Hacia la estabilidad cambiaria internacional
Cuando en el ya lejano año 1972 se alcanzaron los primeros acuerdos de flotación conjunta entre las monedas europeas, mediante el establecimiento de unas bandas cuyo objetivo era el conseguir la reducción de los márgenes de fluctuación de las divisas, y que vino a conocerse como la Serpiente Monetaria Europea, se estaban estableciendo sin duda los primeros pilares básicos para lograr una estabilidad cambiaria en los mercados de divisas.
No cabe duda que el comercio internacional precisa de esta estabilidad para continuar avanzando. En efecto, nada más entorpecedor para las transacciones comerciales que una fluctuación constante y notoria de las paridades que se acaba convirtiendo en un extraordinario distorsionador de precios y, lo que es más grave, contra el que la inmensa mayoría de agentes del comercio internacional muy poco o nada pueden hacer.
Para intentar mitigar estas turbulencias, era pues necesario recurrir a acciones y acuerdos supranacionales como la descrita Serpiente Monetaria Europea, que estuvo en vigor hasta 1978, y a la que tomó el relevo, tras su desaparición, el Sistema Monetario Europeo que establecía unas paridades centrales y unas bandas de fluctuación del más/menos 2,5% sobre dicha paridad central y que a través del mecanismo de tipos de cambio, mantiene la estabilidad de los mismos sobre la base de la cooperación recíproca entre los distintos bancos centrales, mecanismo que dura hasta 1992 cuando se firma el Tratado de Maastricht que tiene como objetivo llevarnos, en diferentes fases, hasta la actual moneda única. La estabilidad cambiaria había pues tenido su continuación.
Y llega el mes de enero de 1999, en el que Europa vive una jornada histórica con el nacimiento del euro, que para entonces era aún virtual para nuestros bolsillos, pero totalmente real para los mercados de cambio.
A los pocos días de su salida, concretamente el 5 de enero de aquel año, el recién nacido euro alcanzaba su máximo histórico, cotizando contra el dólar a 1,179, al tiempo que una sensación de euforia recorría los foros políticos europeos. El euro había nacido fuerte. Todo un éxito.

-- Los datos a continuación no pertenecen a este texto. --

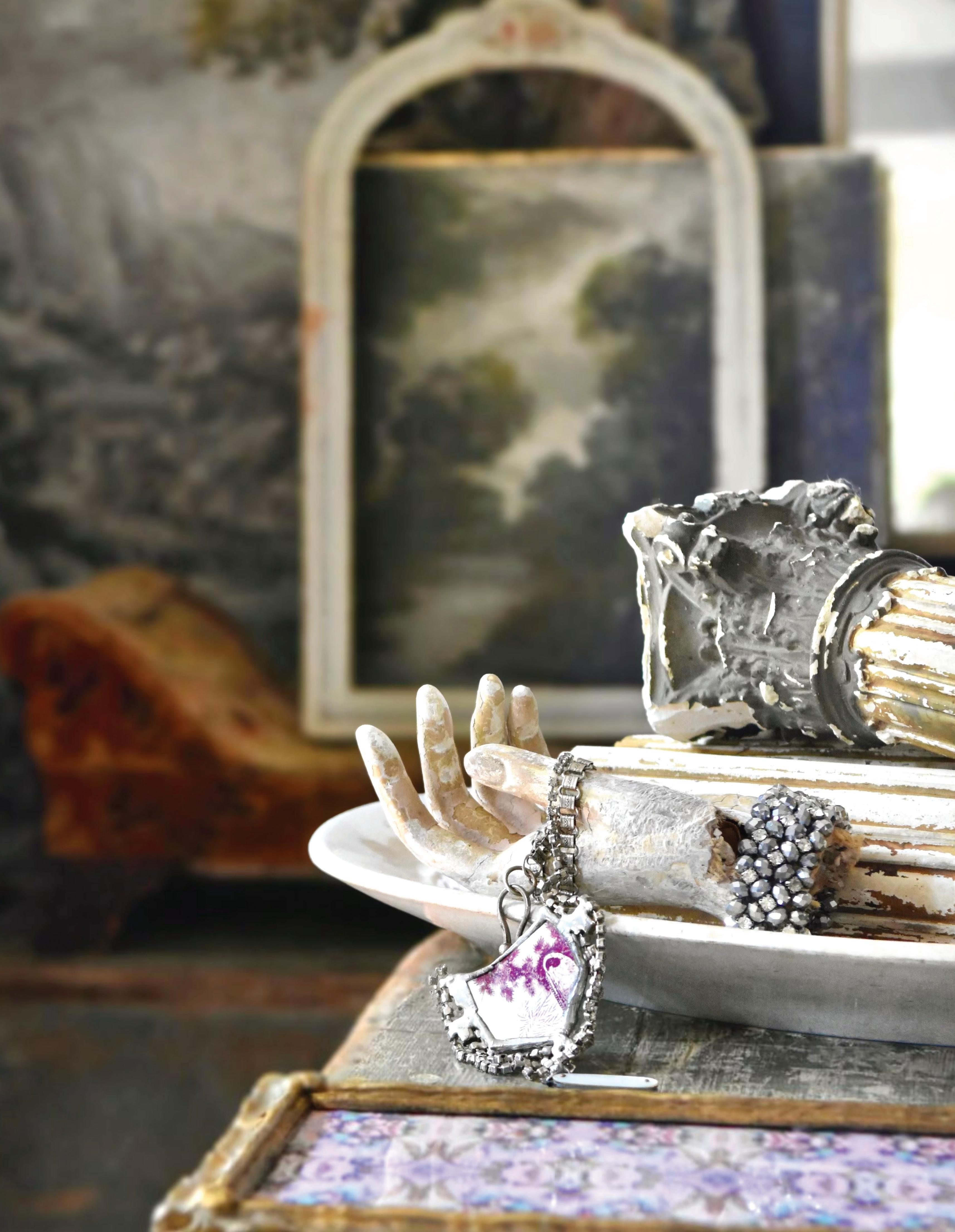 Props, some hand-painted, some old and chipped, velvets, and other bits of inspiration move about constantly like little actors acting as my muse.
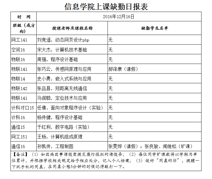 12月16日学生上课缺勤情况通报
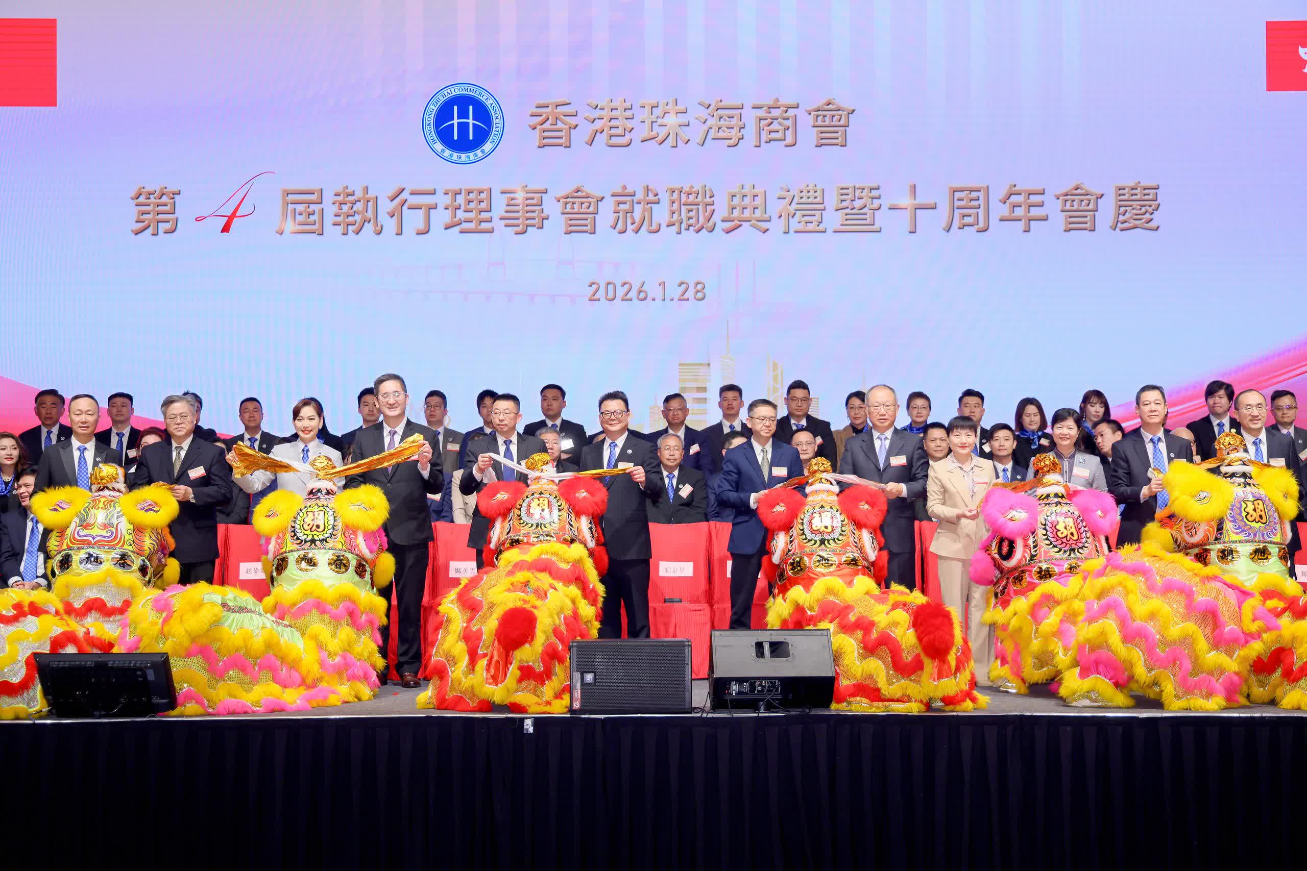 1月28日,香港珠海商會第四屆執行理事會就職典禮暨十周年會慶在香港合和酒店舉行,逾600位嘉賓和會員參加。財政司司長陳茂波、行政會議召集人葉劉淑儀等發來賀詞,中央政府駐港聯絡辦社團聯絡部副部長胡啟明,珠海市委常委、宣傳部部長徐劍,商務及經濟發展局副局長陳百里,珠海市政協副主席張松,港區全國人大代表、香港珠海社團總會會長鄺美雲等出席典禮,為商會新一屆核心領導成員頒發委任狀。

Sin embargo, en los medios exportadores no se pensaba así, pero el rápido desliz a la baja del euro no dio apenas tiempo para profundizar en esos pensamientos.
El 26 de octubre de 2000, nuestra divisa alcanzaba su mínimo histórico frente al dólar, cotizando a sólo 0,8252. Y los papeles comenzaron a invertirse. Preocupación en algunos medios políticos por una posible pérdida de credibilidad en los mercados y euforia exportadora generalizada.
Posteriormente, en enero del pasado año comienza una remontada en la cotización que nos ha llevado a superar nuevamente la paridad 1 a 1 y a volver a invertir los papeles, con preocupación exportadora notable.
Es evidente que quizá estamos echando en falta algún mecanismo supranacional que venga a tomar el relevo de las antiguas Serpiente y Sistema Monetario Europeo, y que en definitiva, lo que estamos es faltos de estabilidad. De ahí los constantes vaivenes, que penalizan y entorpecen los intercambios comerciales mundiales. Sólo que ahora, una vez desaparecidos los papeles estelares de los bancos centrales europeos, estos acuerdos habría que buscarlos entre el BCE y la reserva Federal.
Quizá estemos perdiendo una excelente oportunidad para establecer unas bandas de fluctuación, que partiendo de la paridad central 1, en la que la mayoría de agentes parecen sentirse cómodos, permitan que la cotización del euro/dólar fluctúe entre el 0,95 y el 1,05, márgenes que podrían irse revisando y ajustando en función de los diferenciales de tipos oficiales de interés, reduciéndose cuando los tipos se aproximan o ampliándose cuando se alejan.
De esta forma, el compromiso de intervención de los dos bancos centrales dotarían al sistema de las garantías de estabilidad cambiaria que el comercio internacional precisa.
Dicho de otra forma, por qué no aplicar a nivel de las dos grandes divisas lo que en tiempos pasados nos dio tan buenos resultados en Europa.